(Linux) Has anyone succeeded in using NVMe space as substitute RAM for larger models? Is it worthwhile?
Posted by Quiet-Owl9220@reddit | LocalLLaMA | View on Reddit | 31 comments
So I have a consumer-grade AMD GPU with 24gb VRAM and 64gb DDR5 RAM which have served me well enough for models up to around 120B. Of course, this just isn't enough for larger models in the 300B+ range.
Storage and RAM are expensive so I'm not going to be upgrading my hardware any time soon, but I have plenty of high speed NVMe space available. Is it possible to leverage this as a workaround? What would be the method, swap file? Do I need to take any special steps to make sure something like lmstudio can actually utilize it?
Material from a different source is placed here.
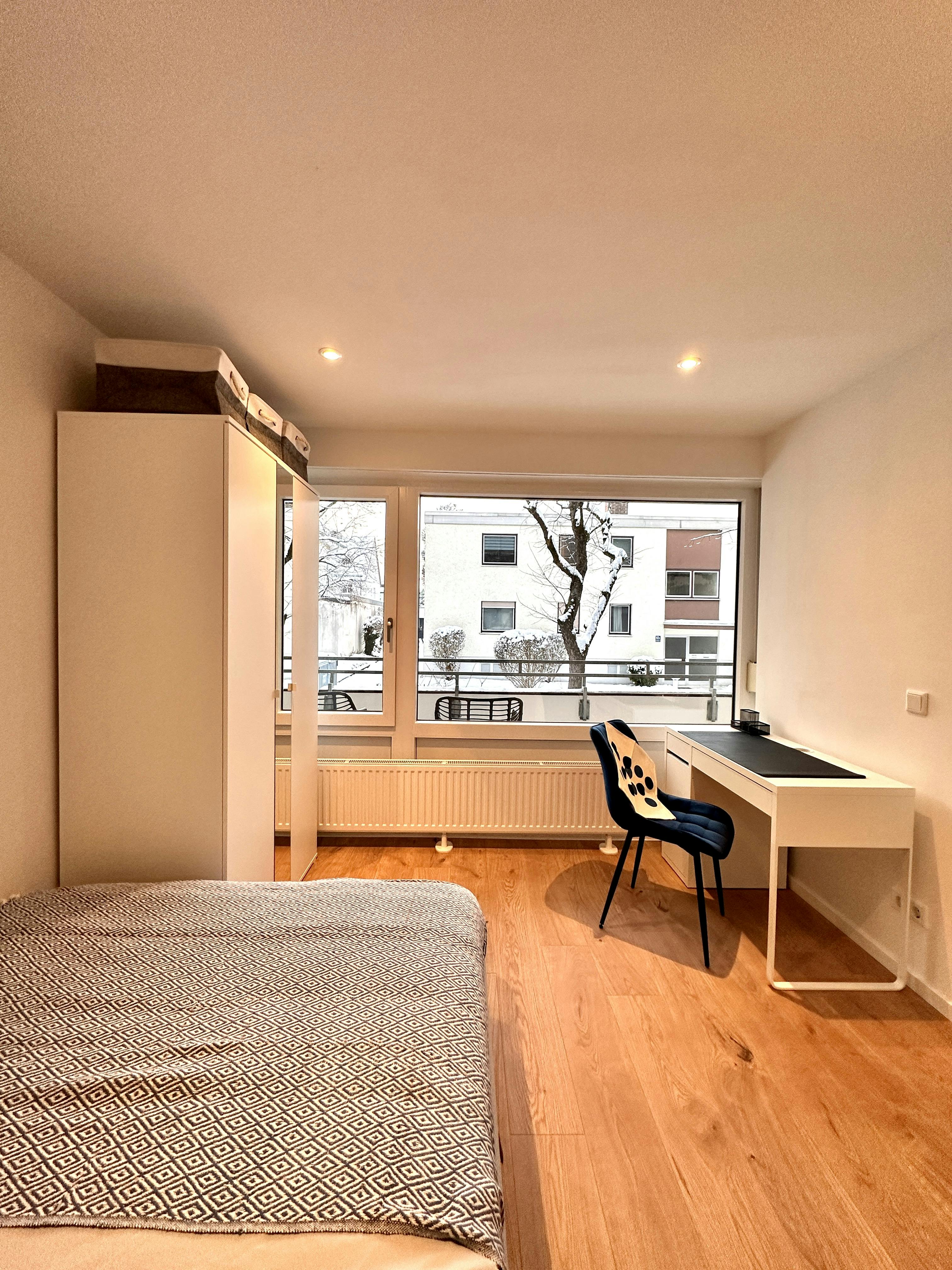 Room Description This cozy and modern private room offers a generous common area. The room is elegantly furnished with a comfortable bed, a large wardrobe, and a desk, providing ample space for both relaxation and productivity. Our shared apartments are the perfect opportunity for “newcomers” to Munich to quickly find their footing and build meaningful connections. Here, you’ll find not just a place to stay, but also a welcoming and vibrant community to be part of. Thanks to the relaxed and friendly atmosphere in our shared flats, settling in feels effortless. In our experience, everyone quickly finds their place—whether you’re new...

I realize this will probably be much slower but I want to give it a try and see if I can make it work for me as basically a background process.
dametsumari@reddit
It depends on your read speed. With some MoE models it is sort of feasible. Eg A3B model at q4 needs 1,5 gigabytes of data per token, so with 15g/s read ssd you can get up to ( theoretical maximum ) 10 output tokens per second. However, good luck finding that fast ssd, and even then it is quite slow.
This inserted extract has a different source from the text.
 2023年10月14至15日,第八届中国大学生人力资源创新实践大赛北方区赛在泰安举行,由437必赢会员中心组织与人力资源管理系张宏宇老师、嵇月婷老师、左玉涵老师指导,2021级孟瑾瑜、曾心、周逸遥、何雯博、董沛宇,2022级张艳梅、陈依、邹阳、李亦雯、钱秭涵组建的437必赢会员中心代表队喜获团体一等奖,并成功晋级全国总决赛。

If talking of eg A20B at q4 you will not get token per second. So not worth it.
portmanteaudition@reddit
You're forgetting latency
dametsumari@reddit
Not really. You can fetch next layer(s) when computing previous one so even HD RAID ( with enough total throughout ) works equally well.
z_3454_pfk@reddit
all the PCIe 5.0 nvme drives are near that speed
Quiet-Owl9220@reddit (OP)
I can probably tolerate speeds as low as 0.5tok/sec while I do something else. I'm not trying to be productive here, this is just for hobby stuff. But my disk speed is more like this:
Just so I can learn, how are you calculating how much data per second a model needs?
AppealSame4367@reddit
I just switched from llama.cpp to ik_llama yesterday and got almost twice as much speed on q3.6 35b a3b scattered accross a low vram gpu and ram. Maybe it can speed up something on your end as well.
Question is also: With the advent of models like q3.6 27b: do you really need such a large model? Maybe running a good specialist like 27b and a smaller specialist for something else in parallel is the way for you.
Quiet-Owl9220@reddit (OP)
I have been meaning to give ik_llama a try, but it requires some manual effort in lmstudio. Speed isn't really a priority for me in the first place, but it'd be nice if it can give the larger models I use a bit of a boost.
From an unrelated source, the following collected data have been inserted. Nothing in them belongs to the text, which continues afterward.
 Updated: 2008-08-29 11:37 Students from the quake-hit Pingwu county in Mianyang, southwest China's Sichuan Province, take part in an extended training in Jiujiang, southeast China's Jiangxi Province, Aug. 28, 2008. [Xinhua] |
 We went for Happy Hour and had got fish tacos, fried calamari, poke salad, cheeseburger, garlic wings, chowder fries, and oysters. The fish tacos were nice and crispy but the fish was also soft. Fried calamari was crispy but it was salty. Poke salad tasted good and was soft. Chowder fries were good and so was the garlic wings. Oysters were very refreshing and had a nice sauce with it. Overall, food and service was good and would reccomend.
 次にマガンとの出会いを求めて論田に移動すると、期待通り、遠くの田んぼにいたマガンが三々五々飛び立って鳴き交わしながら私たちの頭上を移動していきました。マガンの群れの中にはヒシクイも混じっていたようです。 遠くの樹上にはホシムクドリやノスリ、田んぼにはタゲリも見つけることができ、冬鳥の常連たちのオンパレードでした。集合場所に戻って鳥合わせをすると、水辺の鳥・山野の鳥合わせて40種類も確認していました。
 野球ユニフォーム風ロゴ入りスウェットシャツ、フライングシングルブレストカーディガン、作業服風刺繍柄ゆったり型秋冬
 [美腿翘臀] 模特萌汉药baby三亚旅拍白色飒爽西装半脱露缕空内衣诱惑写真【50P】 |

The new Qwen models are pretty good and running well on my system, but they just aren't great at writing IME, they are more focused on productivity. The larger creative type models (eg. from TheDrummer) still seem better for writing at the cost of speed, reasoning, and tool calls.
For that trade off I'm already down to the ballpark of 2t/sec... and still I am not particularly impressed with the results, so I want to see what the big models can do.
portmanteaudition@reddit
RAM is something like 10x the bandwidth and 10,000x the latency of NVME.
rditorx@reddit
You can try using the mmap (memory map) option to load from SSD
Quiet-Owl9220@reddit (OP)
Well, turns out I've had mmap enabled by default for a long time and just never really understood what it does. Lmstudio does not normally allow to load models larger than the available RAM+VRAM, but I looked into it and gave it a try anyway with a large MoE model... in the end I was able to run q4_k_m of Minimax-M2.7. I just had to disable keeping the model in memory and then override lmstudio's guard rails. I would not have figured this out otherwise, so thanks.
It takes a very long time to process prompts and writes VERY slowly while starting and stopping, but I'm quite pleased to know that it works at all. I'll download a few other models and experiment some more, maybe I can find a configuration that's a little faster.
yami_no_ko@reddit
That's a terrible idea. It's slow and it literally heats up and grinds away your SSD.
Awkward-Candle-4977@reddit
I had to use cheap nvme in external USB as virtual memory when converting llama to onnx. It was very slow
Samurai2107@reddit
I think if i remember correctly it damages your storage unit
Fine_League311@reddit
Ja aber zu langsam
Street_Teaching_7434@reddit
This is technically feasible but far beyond the point where the price to performance ratio makes any sense.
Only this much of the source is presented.